If you still demand an original, you can be certain that they’re still out there at the most prestigious auctions, but since it’s hard to tell a real one from a well-finished copy–and these later replicas will often outperform the best originals–it’s only a matter of personal choice.

Which brings up the question: If you could own something better than an original, would you object on principal that it’s unethical to pretend? Would you feel that it’s somehow morally wrong to own something beautiful simply because it isn’t “real”?

I’ve found these questions seem to fade when you slide into a comfortable leather bucket, fire the engine, and merge onto some smooth, unobstructed blacktop. As much as I love fine design and revere classic lines, I’ve always preferred driving to simply acquiring and owning. The latter scenario works beautifully for something you hang on the wall, but not for something as alive and exciting as a powerful, classic lined sports car.

The legal questions regarding the replication of something of value are important when the design is, indeed, unique and its worth could be diminished by replication, but the fact is that Shelby never did own the original shape of AC’s classic Bristol-engined roadsters, or any of the rights to Ford’s V8 engines and running gear. He simply acquired those components at the time because he could see the immediate potential and it was the fastest and simplest way to enter the car business.

Shelby’s timing was perfect. He was a visionary, but in hindsight he was also rather shortsighted in not realizing the long-term historical significance of what he was creating.

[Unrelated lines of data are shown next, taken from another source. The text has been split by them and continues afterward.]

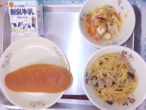 今日の献立は,牛乳・ミニコッペパン・豆腐サラダ・和風スパゲティです
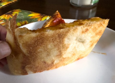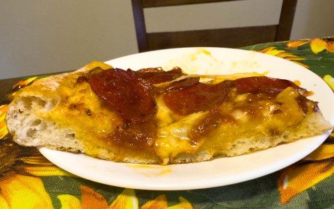 | Cheese | Cheese Type – Moozedell, no detection of other cheese flavor Cheese Distribution – All over Greasy, Stringy – OVERCOOKED (look at the right edge of the pizza picture above). My guess is that the pizzaiola was attempting to get a nice cup and char with the pepperoni and forgot about the non-pepperoni side |
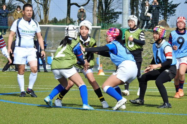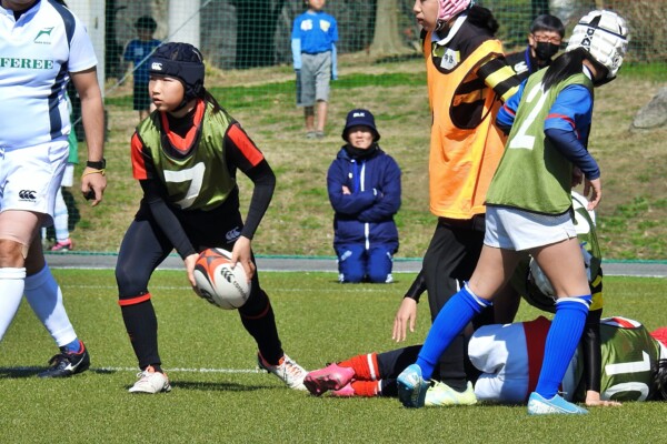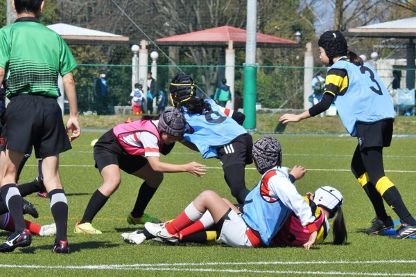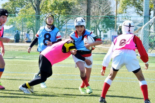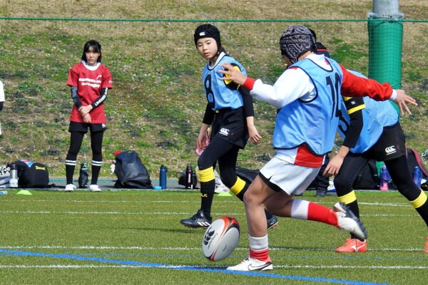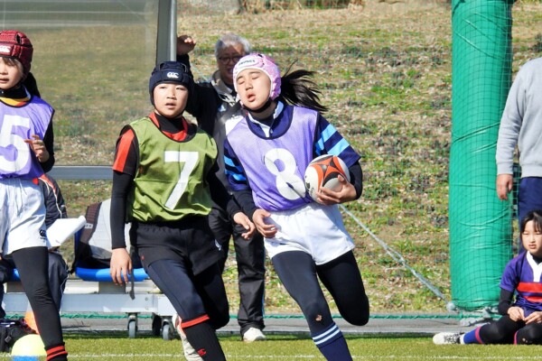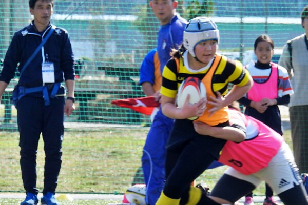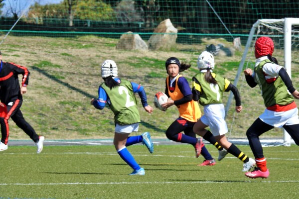 関西地区(22府県)では、数年前より関西ミニ・ラグビージャンボリー大会とラグビーマガジンカップ大会の中で女子交流試合の開催を試み、毎回40名~50名の女子小学生選手が参加し元気に楽しんでプレーをしていました。
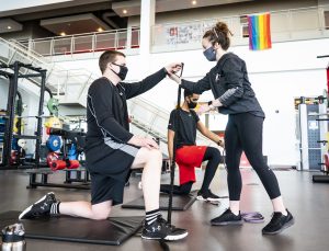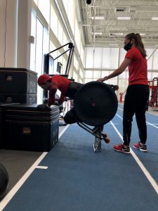 Goalball players Aaron Prevost and Aron Ghebreyohannes with strength coach Tessa Gallinger during a training session at the Canadian Sport Institute Calgary high performance facilities in Calgary, AB on March 26, 2021. (Photo: Dave Holland/CSI Calgary)
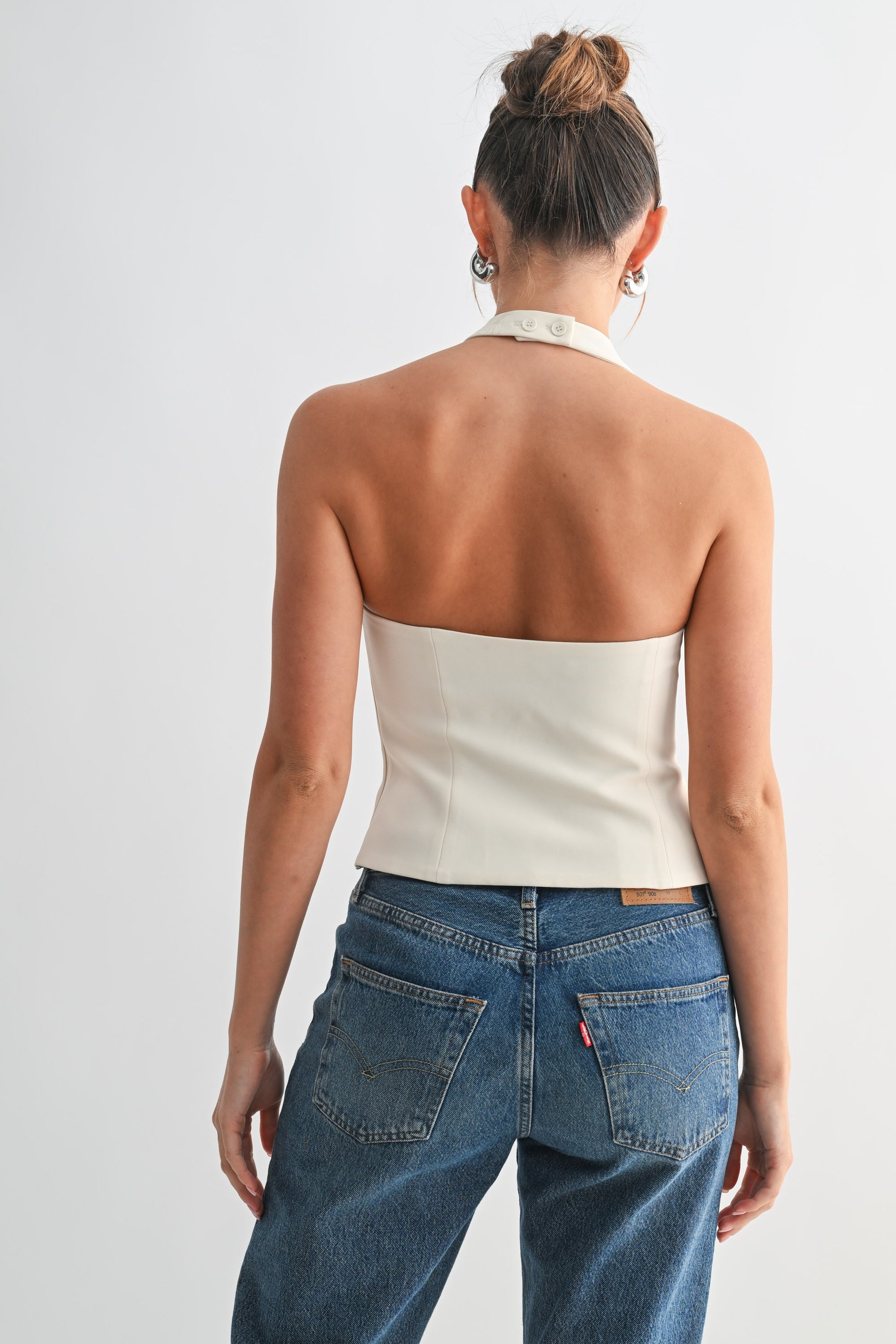 The Antonella Top features a sculpted halter neckline with a daring plunge and structured fit that accentuates the silhouette. Perfectly tailored to elevate any look — from casual denim to sleek evening wear.
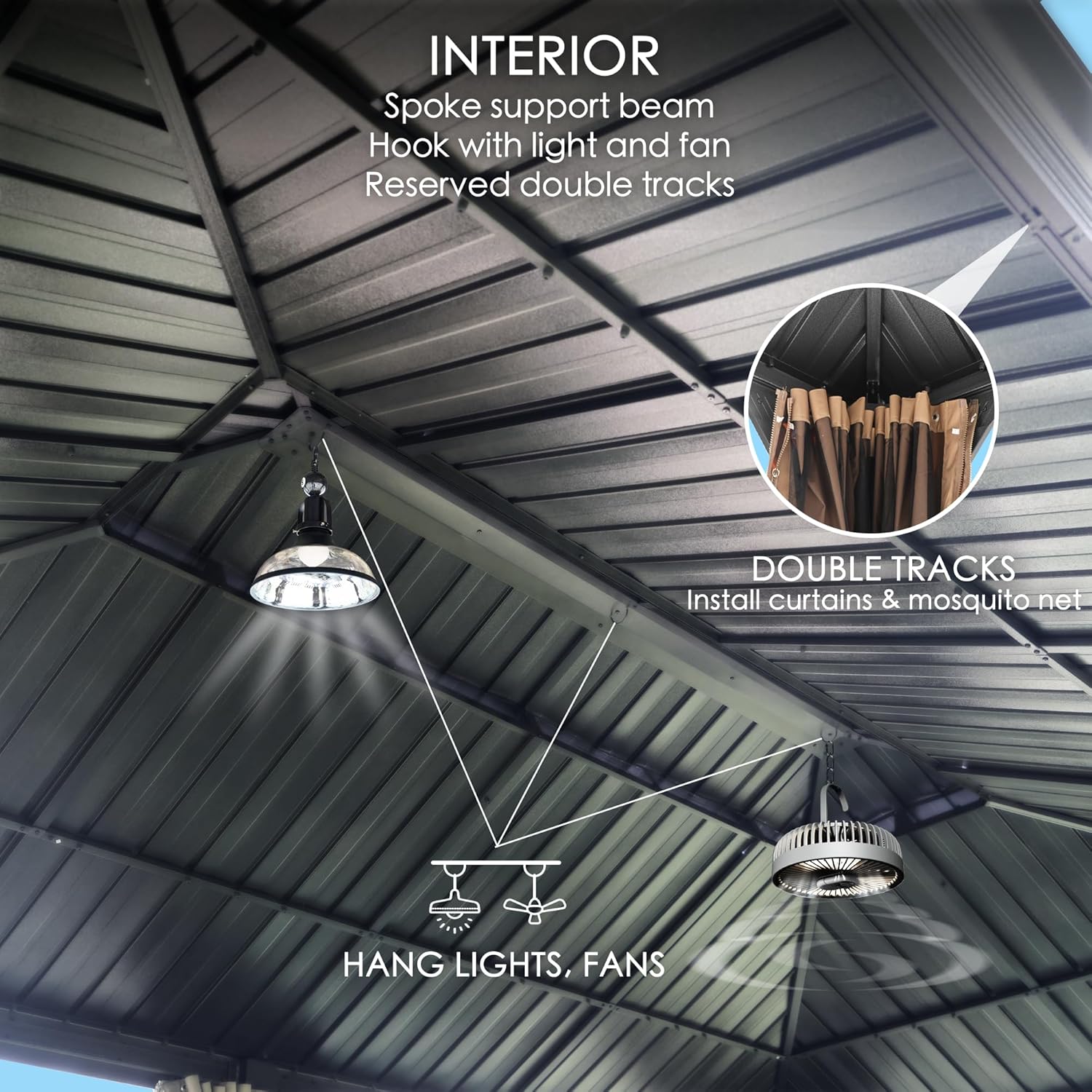 - âś…Two hooks have been specially crafted to accommodate fans or lights, enhancing the ambiance of your gazebo and making it a comfortable and inviting space.
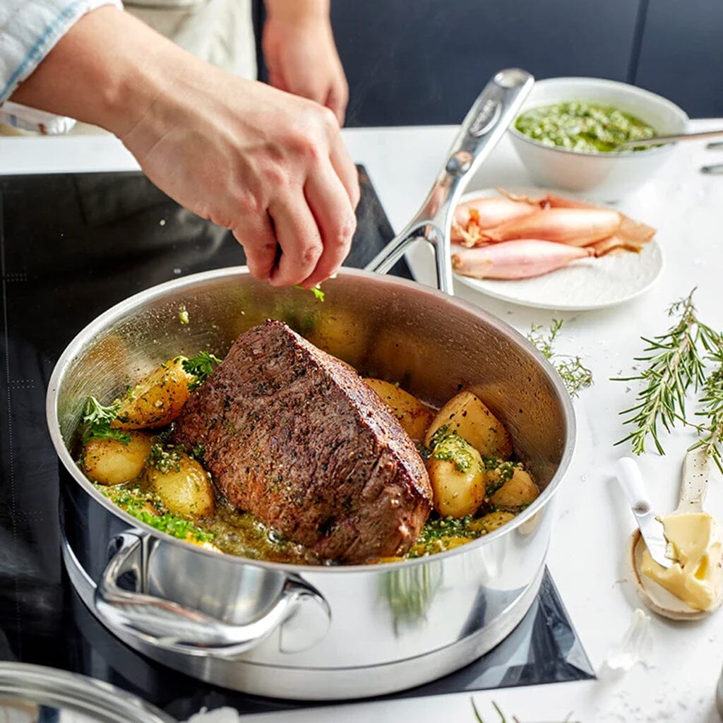 The low Atlantis 7 Low Sauteuse 28 cm from Demeyere , also called a snack pan. This pan is ideal for evenly searing meat, poultry, vegetables and seafood, and ensures that your dish continues to cook perfectly as soon as you add liquid and put the lid on.

At the time of the Cobra’s greatest racing successes, the project was simply the Texan’s personal stepping stone to a larger, far more exciting and profitable business venture with Ford. Once Shelby had been awarded the lucrative contract to develop and race Ford’s mighty GT40s, the whole Cobra program was scrapped. Almost overnight Shelby’s Snakes became old news.

Again, it seemed like perfect timing for Shelby, but history has a strange way of creating value you can’t buy; it’s called credibility. The thousands of fans who loved his fast, exciting cars and admired what the Texan had done for America wanted a piece of that history, and the replica business took off. Admirably, Shelby was at first both honored and pleased that clubs were formed in his name and that his old Cobras were revered as timeless pieces of rolling art that could be both owned and enjoyed for a reasonable amount.

Much later, though, Shelby looked around and realized the value of what he’d created. After leaving Ford he tried to go back and resurrect his Cobra program, but it was already too late. Too much time had passed; the fact that he’d already willingly endorsed a few of his early acolytes didn’t help. The Cobra name and design had almost become public domain. Instead of embracing those who had improved upon what he’d started, he tried unsuccessfully to put them out of business!

Shelby spent millions on legal wrangling meant to protect what he believed was his, but a Federal judge informed him that all he really owned was the name. As for the diminished value of his originals? One has only to look at recent auction results to prove that replication has had exactly the opposite effect.